Stored dataset items:

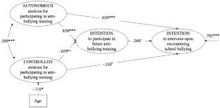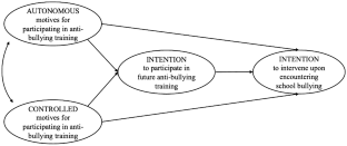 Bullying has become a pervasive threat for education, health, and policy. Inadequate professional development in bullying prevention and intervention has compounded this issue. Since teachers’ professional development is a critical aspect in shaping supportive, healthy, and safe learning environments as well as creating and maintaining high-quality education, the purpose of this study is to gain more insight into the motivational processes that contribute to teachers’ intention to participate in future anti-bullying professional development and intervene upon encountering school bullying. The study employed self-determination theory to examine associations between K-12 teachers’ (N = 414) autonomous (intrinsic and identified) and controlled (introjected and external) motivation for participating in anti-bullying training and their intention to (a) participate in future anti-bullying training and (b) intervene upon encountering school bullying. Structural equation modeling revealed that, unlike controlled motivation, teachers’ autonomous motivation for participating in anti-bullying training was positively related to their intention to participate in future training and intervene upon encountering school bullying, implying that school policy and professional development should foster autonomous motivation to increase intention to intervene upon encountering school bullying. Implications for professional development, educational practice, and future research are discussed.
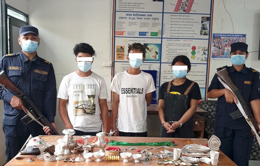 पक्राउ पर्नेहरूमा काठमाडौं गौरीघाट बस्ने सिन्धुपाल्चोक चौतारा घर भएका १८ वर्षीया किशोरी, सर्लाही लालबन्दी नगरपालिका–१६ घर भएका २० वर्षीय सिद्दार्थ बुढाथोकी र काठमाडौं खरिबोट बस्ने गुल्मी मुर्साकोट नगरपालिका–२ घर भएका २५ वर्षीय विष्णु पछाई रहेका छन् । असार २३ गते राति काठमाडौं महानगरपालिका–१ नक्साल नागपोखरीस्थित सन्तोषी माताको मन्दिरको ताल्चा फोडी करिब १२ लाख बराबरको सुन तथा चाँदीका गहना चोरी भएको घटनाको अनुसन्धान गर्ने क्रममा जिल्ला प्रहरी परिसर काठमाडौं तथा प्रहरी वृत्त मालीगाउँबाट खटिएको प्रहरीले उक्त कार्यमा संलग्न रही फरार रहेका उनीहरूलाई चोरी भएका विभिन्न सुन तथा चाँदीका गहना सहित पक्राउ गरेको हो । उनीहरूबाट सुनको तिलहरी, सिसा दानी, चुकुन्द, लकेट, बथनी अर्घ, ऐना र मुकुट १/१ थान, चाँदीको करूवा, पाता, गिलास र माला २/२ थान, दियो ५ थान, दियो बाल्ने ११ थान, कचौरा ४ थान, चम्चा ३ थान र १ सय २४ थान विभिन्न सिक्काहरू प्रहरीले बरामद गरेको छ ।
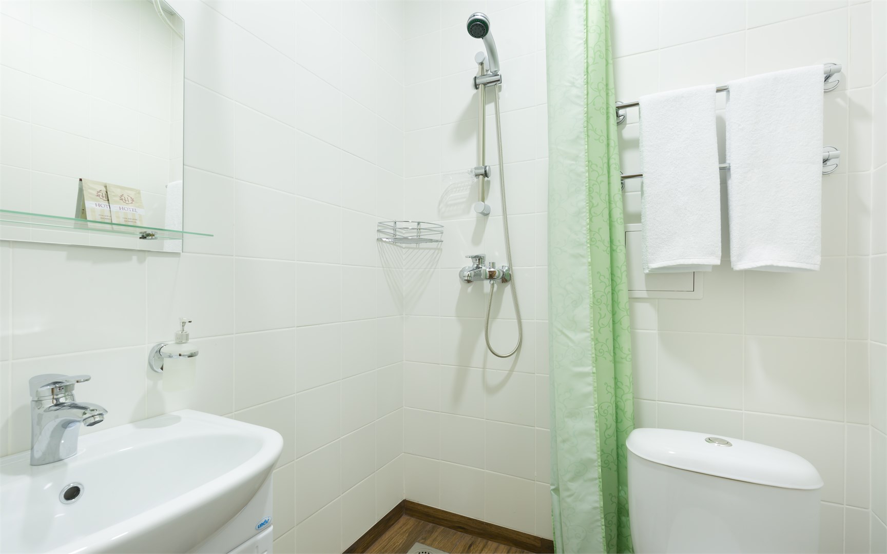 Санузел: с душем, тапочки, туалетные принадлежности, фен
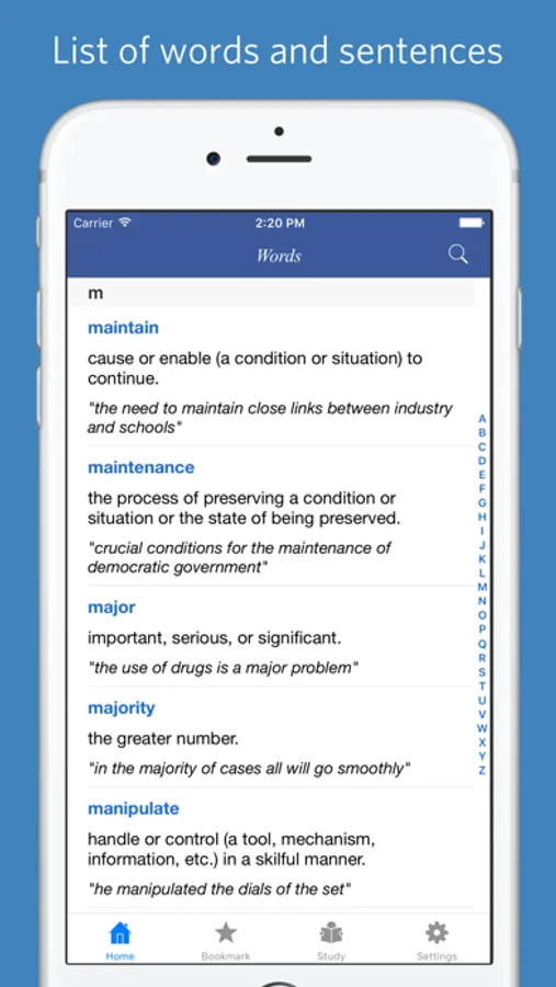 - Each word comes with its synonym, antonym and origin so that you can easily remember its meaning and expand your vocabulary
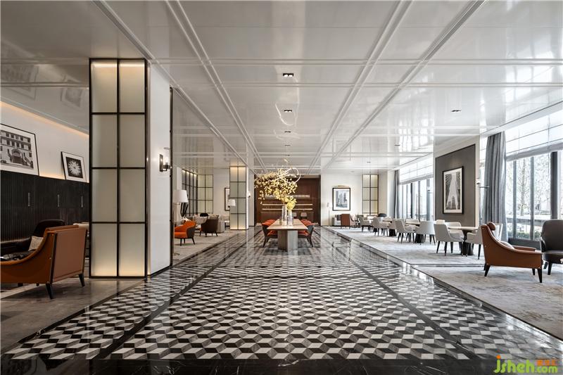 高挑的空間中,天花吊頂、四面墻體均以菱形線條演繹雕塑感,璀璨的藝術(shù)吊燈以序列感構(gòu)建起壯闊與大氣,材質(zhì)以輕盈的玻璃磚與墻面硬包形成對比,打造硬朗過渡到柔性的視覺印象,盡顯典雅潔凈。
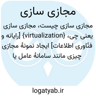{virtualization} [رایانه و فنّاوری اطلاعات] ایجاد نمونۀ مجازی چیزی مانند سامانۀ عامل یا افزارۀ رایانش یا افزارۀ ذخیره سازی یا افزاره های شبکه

**WORK REQUEST:** Return only the line with "高挑的空間中,天花吊頂、四面" and the lines after it up to the end of the records, exact and free of pictures.

**EXERCISE RESULT:**
 高挑的空間中,天花吊頂、四面墻體均以菱形線條演繹雕塑感,璀璨的藝術(shù)吊燈以序列感構(gòu)建起壯闊與大氣,材質(zhì)以輕盈的玻璃磚與墻面硬包形成對比,打造硬朗過渡到柔性的視覺印象,盡顯典雅潔凈。
{virtualization} [رایانه و فنّاوری اطلاعات] ایجاد نمونۀ مجازی چیزی مانند سامانۀ عامل یا افزارۀ رایانش یا افزارۀ ذخیره سازی یا افزاره های شبکه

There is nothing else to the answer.